→ **EXERCISE**
Could you retype every line of the data underneath without altering anything?

Excerpts from a dataset
----------

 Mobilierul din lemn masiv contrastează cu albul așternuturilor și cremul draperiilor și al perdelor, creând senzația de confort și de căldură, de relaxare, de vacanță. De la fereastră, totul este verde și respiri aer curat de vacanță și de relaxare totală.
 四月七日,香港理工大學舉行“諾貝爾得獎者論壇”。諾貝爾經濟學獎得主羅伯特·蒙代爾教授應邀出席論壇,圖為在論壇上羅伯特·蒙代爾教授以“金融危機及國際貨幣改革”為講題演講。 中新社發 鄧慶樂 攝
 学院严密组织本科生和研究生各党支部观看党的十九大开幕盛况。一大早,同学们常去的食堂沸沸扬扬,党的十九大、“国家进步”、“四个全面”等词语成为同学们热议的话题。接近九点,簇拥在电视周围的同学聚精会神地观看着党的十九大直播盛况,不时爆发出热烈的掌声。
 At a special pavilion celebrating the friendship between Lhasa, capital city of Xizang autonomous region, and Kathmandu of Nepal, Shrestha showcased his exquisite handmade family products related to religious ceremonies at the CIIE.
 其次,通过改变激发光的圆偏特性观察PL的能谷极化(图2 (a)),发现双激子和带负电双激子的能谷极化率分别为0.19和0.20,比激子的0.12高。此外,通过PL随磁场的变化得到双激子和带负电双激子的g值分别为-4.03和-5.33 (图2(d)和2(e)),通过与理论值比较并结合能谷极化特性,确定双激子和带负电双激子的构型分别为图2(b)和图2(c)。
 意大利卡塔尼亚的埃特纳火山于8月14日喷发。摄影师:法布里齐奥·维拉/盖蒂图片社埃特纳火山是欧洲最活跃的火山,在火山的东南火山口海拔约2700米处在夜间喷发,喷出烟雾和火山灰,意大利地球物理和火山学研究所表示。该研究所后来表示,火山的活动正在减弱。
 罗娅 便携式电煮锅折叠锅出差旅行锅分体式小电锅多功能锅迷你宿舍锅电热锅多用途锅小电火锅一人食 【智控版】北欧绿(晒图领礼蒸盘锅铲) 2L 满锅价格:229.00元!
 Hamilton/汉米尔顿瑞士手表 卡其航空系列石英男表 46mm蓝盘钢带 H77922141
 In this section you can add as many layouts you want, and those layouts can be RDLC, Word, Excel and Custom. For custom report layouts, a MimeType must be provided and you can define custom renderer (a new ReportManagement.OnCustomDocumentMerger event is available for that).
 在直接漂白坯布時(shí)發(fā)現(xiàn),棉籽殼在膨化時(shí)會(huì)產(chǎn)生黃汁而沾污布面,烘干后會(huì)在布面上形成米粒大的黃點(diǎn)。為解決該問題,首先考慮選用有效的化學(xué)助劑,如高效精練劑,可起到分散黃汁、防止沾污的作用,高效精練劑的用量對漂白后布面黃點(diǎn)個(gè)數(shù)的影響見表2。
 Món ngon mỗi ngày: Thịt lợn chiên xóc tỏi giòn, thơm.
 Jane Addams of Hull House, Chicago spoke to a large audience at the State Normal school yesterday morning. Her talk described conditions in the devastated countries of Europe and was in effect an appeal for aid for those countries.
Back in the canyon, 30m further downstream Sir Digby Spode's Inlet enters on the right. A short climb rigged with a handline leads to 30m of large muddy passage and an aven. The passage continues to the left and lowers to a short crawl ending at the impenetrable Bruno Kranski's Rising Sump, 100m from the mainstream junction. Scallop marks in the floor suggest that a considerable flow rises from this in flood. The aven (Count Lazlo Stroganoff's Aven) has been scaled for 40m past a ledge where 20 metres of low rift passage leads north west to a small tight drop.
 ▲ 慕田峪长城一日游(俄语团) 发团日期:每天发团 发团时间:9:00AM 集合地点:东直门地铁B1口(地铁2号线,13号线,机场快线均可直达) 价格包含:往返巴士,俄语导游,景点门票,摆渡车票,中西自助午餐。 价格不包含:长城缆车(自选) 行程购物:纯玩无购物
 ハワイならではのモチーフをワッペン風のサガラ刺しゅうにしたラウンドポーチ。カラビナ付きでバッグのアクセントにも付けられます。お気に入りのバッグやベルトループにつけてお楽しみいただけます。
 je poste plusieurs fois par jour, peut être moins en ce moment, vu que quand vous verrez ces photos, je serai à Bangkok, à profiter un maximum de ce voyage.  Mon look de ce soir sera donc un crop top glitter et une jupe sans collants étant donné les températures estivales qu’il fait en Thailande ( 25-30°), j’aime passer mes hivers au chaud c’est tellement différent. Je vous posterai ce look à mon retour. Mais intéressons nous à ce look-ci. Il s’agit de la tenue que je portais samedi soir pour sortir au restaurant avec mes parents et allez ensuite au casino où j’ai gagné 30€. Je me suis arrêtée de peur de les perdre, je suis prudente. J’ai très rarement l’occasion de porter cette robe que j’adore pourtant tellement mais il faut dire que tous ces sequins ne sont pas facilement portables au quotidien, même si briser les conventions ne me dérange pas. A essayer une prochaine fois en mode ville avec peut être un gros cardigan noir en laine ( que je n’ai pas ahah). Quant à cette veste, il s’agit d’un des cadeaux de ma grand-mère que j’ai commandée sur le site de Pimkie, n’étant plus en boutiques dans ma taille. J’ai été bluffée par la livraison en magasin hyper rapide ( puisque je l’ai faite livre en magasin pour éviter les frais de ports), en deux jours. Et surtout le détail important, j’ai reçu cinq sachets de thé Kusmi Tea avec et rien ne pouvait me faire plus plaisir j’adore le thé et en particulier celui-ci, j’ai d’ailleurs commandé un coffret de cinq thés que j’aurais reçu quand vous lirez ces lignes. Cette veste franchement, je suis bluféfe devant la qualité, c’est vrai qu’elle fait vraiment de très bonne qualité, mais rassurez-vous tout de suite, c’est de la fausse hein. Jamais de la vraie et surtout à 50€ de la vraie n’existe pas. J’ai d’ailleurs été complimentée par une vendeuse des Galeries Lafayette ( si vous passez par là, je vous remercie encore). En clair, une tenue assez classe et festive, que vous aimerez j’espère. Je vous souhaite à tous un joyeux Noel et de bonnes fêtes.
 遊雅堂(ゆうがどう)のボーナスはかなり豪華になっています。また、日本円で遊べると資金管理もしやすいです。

----------

→ **ANSWER TO THIS EXERCISE**
 Mobilierul din lemn masiv contrastează cu albul așternuturilor și cremul draperiilor și al perdelor, creând senzația de confort și de căldură, de relaxare, de vacanță. De la fereastră, totul este verde și respiri aer curat de vacanță și de relaxare totală.
 四月七日,香港理工大學舉行“諾貝爾得獎者論壇”。諾貝爾經濟學獎得主羅伯特·蒙代爾教授應邀出席論壇,圖為在論壇上羅伯特·蒙代爾教授以“金融危機及國際貨幣改革”為講題演講。 中新社發 鄧慶樂 攝
 学院严密组织本科生和研究生各党支部观看党的十九大开幕盛况。一大早,同学们常去的食堂沸沸扬扬,党的十九大、“国家进步”、“四个全面”等词语成为同学们热议的话题。接近九点,簇拥在电视周围的同学聚精会神地观看着党的十九大直播盛况,不时爆发出热烈的掌声。
 At a special pavilion celebrating the friendship between Lhasa, capital city of Xizang autonomous region, and Kathmandu of Nepal, Shrestha showcased his exquisite handmade family products related to religious ceremonies at the CIIE.
 其次,通过改变激发光的圆偏特性观察PL的能谷极化(图2 (a)),发现双激子和带负电双激子的能谷极化率分别为0.19和0.20,比激子的0.12高。此外,通过PL随磁场的变化得到双激子和带负电双激子的g值分别为-4.03和-5.33 (图2(d)和2(e)),通过与理论值比较并结合能谷极化特性,确定双激子和带负电双激子的构型分别为图2(b)和图2(c)。
 意大利卡塔尼亚的埃特纳火山于8月14日喷发。摄影师:法布里齐奥·维拉/盖蒂图片社埃特纳火山是欧洲最活跃的火山,在火山的东南火山口海拔约2700米处在夜间喷发,喷出烟雾和火山灰,意大利地球物理和火山学研究所表示。该研究所后来表示,火山的活动正在减弱。
 罗娅 便携式电煮锅折叠锅出差旅行锅分体式小电锅多功能锅迷你宿舍锅电热锅多用途锅小电火锅一人食 【智控版】北欧绿(晒图领礼蒸盘锅铲) 2L 满锅价格:229.00元!
 Hamilton/汉米尔顿瑞士手表 卡其航空系列石英男表 46mm蓝盘钢带 H77922141
 In this section you can add as many layouts you want, and those layouts can be RDLC, Word, Excel and Custom. For custom report layouts, a MimeType must be provided and you can define custom renderer (a new ReportManagement.OnCustomDocumentMerger event is available for that).
 在直接漂白坯布時(shí)發(fā)現(xiàn),棉籽殼在膨化時(shí)會(huì)產(chǎn)生黃汁而沾污布面,烘干后會(huì)在布面上形成米粒大的黃點(diǎn)。為解決該問題,首先考慮選用有效的化學(xué)助劑,如高效精練劑,可起到分散黃汁、防止沾污的作用,高效精練劑的用量對漂白后布面黃點(diǎn)個(gè)數(shù)的影響見表2。
 Món ngon mỗi ngày: Thịt lợn chiên xóc tỏi giòn, thơm.
 Jane Addams of Hull House, Chicago spoke to a large audience at the State Normal school yesterday morning. Her talk described conditions in the devastated countries of Europe and was in effect an appeal for aid for those countries.
Back in the canyon, 30m further downstream Sir Digby Spode's Inlet enters on the right. A short climb rigged with a handline leads to 30m of large muddy passage and an aven. The passage continues to the left and lowers to a short crawl ending at the impenetrable Bruno Kranski's Rising Sump, 100m from the mainstream junction. Scallop marks in the floor suggest that a considerable flow rises from this in flood. The aven (Count Lazlo Stroganoff's Aven) has been scaled for 40m past a ledge where 20 metres of low rift passage leads north west to a small tight drop.
 ▲ 慕田峪长城一日游(俄语团) 发团日期:每天发团 发团时间:9:00AM 集合地点:东直门地铁B1口(地铁2号线,13号线,机场快线均可直达) 价格包含:往返巴士,俄语导游,景点门票,摆渡车票,中西自助午餐。 价格不包含:长城缆车(自选) 行程购物:纯玩无购物
 ハワイならではのモチーフをワッペン風のサガラ刺しゅうにしたラウンドポーチ。カラビナ付きでバッグのアクセントにも付けられます。お気に入りのバッグやベルトループにつけてお楽しみいただけます。
 je poste plusieurs fois par jour, peut être moins en ce moment, vu que quand vous verrez ces photos, je serai à Bangkok, à profiter un maximum de ce voyage.  Mon look de ce soir sera donc un crop top glitter et une jupe sans collants étant donné les températures estivales qu’il fait en Thailande ( 25-30°), j’aime passer mes hivers au chaud c’est tellement différent. Je vous posterai ce look à mon retour. Mais intéressons nous à ce look-ci. Il s’agit de la tenue que je portais samedi soir pour sortir au restaurant avec mes parents et allez ensuite au casino où j’ai gagné 30€. Je me suis arrêtée de peur de les perdre, je suis prudente. J’ai très rarement l’occasion de porter cette robe que j’adore pourtant tellement mais il faut dire que tous ces sequins ne sont pas facilement portables au quotidien, même si briser les conventions ne me dérange pas. A essayer une prochaine fois en mode ville avec peut être un gros cardigan noir en laine ( que je n’ai pas ahah). Quant à cette veste, il s’agit d’un des cadeaux de ma grand-mère que j’ai commandée sur le site de Pimkie, n’étant plus en boutiques dans ma taille. J’ai été bluffée par la livraison en magasin hyper rapide ( puisque je l’ai faite livre en magasin pour éviter les frais de ports), en deux jours. Et surtout le détail important, j’ai reçu cinq sachets de thé Kusmi Tea avec et rien ne pouvait me faire plus plaisir j’adore le thé et en particulier celui-ci, j’ai d’ailleurs commandé un coffret de cinq thés que j’aurais reçu quand vous lirez ces lignes. Cette veste franchement, je suis bluféfe devant la qualité, c’est vrai qu’elle fait vraiment de très bonne qualité, mais rassurez-vous tout de suite, c’est de la fausse hein. Jamais de la vraie et surtout à 50€ de la vraie n’existe pas. J’ai d’ailleurs été complimentée par une vendeuse des Galeries Lafayette ( si vous passez par là, je vous remercie encore). En clair, une tenue assez classe et festive, que vous aimerez j’espère. Je vous souhaite à tous un joyeux Noel et de bonnes fêtes.
 遊雅堂(ゆうがどう)のボーナスはかなり豪華になっています。また、日本円で遊べると資金管理もしやすいです。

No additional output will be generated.